In a preferred deal model, inventory is released to brands on a per-impression basis. If the brand decides the impressions do not fit their TA based on their DMP data, then those impressions are “sent back” to the publisher. Now, this is fine with the PMP model, as the inventory is largely remnant and if left unsold it can be released again to the open exchange. Applying the same model to programmatic direct, publishers will have to release two or three times the amount of impressions to clients. Then, the brand can pick and choose amongst the impressions based on their DMP TA segments. From the client’s perspective, this concept is extremely beneficial, as they can control the CPM just like direct buy, and can still use the programmatic element to determine if the impression is indeed their target audience.

On the other hand, premium publishers like Youku think this is an annoyance that will affect their direct sales. Because if every client wanted to buy impressions this way, then they’d lose the direct sales revenue that can be monetized based on the “returned impressions” even if the impression is sent back on a real-time basis. Another element is more of a political nature. If multiple clients are using this model of programmatic direct, who gets first dibs on selecting the impressions? This is even more of a conundrum if there are competing brands trying to target the same audience segment. Hence, here is where the human element has to intervene. Factors like investment level, as well as channel sales relationship, will most likely determine inventory hierarchy as opposed to purely programmatic.

4. Publishers Are Weary of Big Clients Getting a Lower Rate Through Open Exchanges

The biggest worry publishers have about open exchanges are direct sale cannibalizations. They are especially focused on the biggest brand advertisers that invest hundreds of millions on their platforms every year. Hence, all ad materials are audited carefully by the publisher team through the programmatic channels. If they see a brand advertiser that invests directly is going through a DSP, then they will raise the CPM level of that campaign equivalent to the direct buy rates. This way they can ensure the brand can never get a lower CPM by investing through a third party. This manual intervention is bad news for independent DSPs like iPinyou and Yoyi, but it’s actually good for PMP developments in China, because if the brand wants to buy remnant inventory, they can at least get the first look through preferred deals directly with the publisher.

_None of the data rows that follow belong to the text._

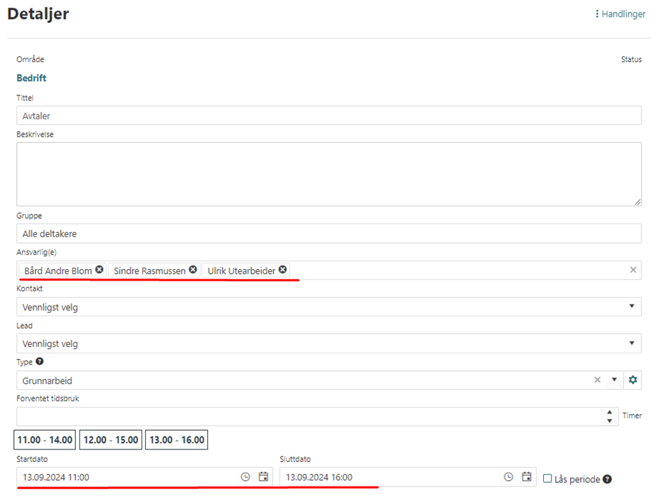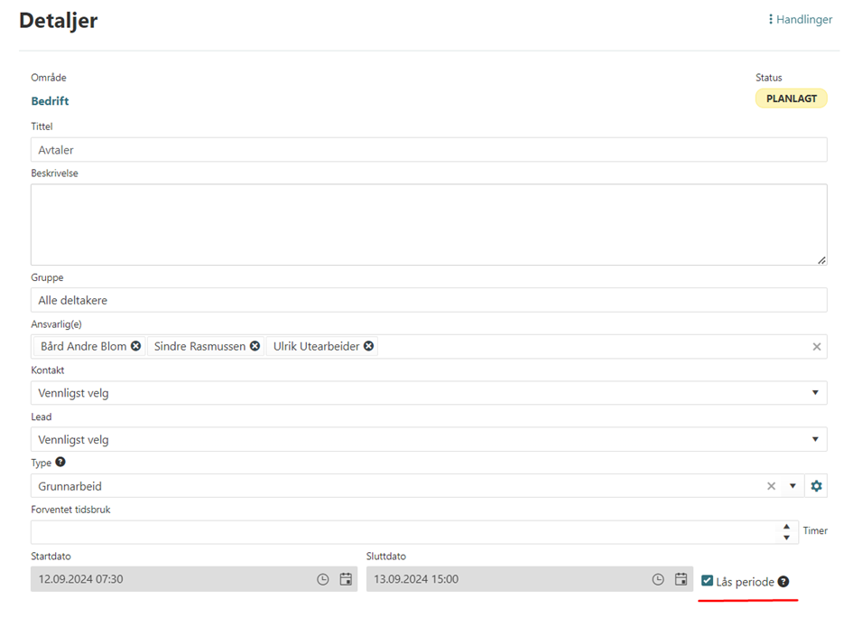 Hvis du ikke ønsker at logikken som er nevnt over skal endre på oppgaveperioden din finnes det en funksjon som lar deg låse perioden, ved å låse start og stopp tiden på en oppgave kan du opprette avtaler innenfor angitt start/stopp av oppgaven uten at tiden på oppgaven endres. Det er heller ikke mulig å opprette avtaler utenfor angitt tidsperiode.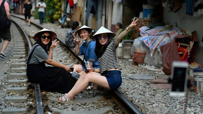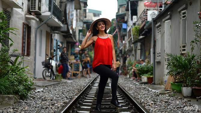 HNN.VN - Đoạn đường sắt ở trung tâm khu phố cổ nhộn nhịp của thủ đô Hà Nội đang trở thành điểm nóng đối với du khách tìm kiếm những bức ảnh chụp "tự sướng" hoàn hảo, hãng thông tấn AFP ngày 26/10 cho hay.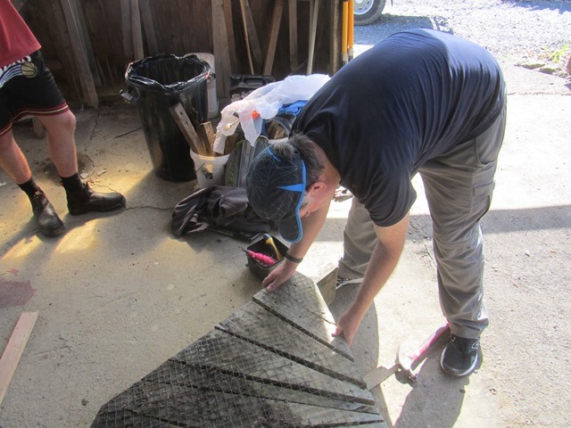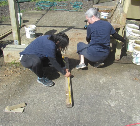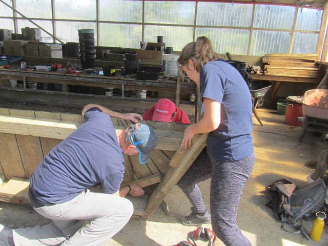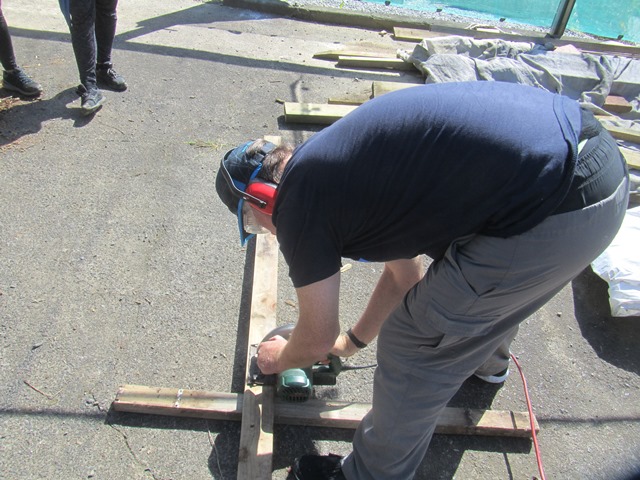 Once we got the boardwalk to the nursery, the team determined the size and number of reinforcing boards they would need and cut them to size.

As you can see, the majority of these challenges are all centered on publisher programmatic receptivity and internal policies. Technology is the easy part, but in order for programmatic to flourish in China, publishers have to buy into the model. However, in the past year I have already seen many publishers open up to programmatic, from allowing ad serving to experimenting with inventory policies. So it will take time, but I do believe that China will eventually develop our own flavor of programmatic that’s unique in its own right.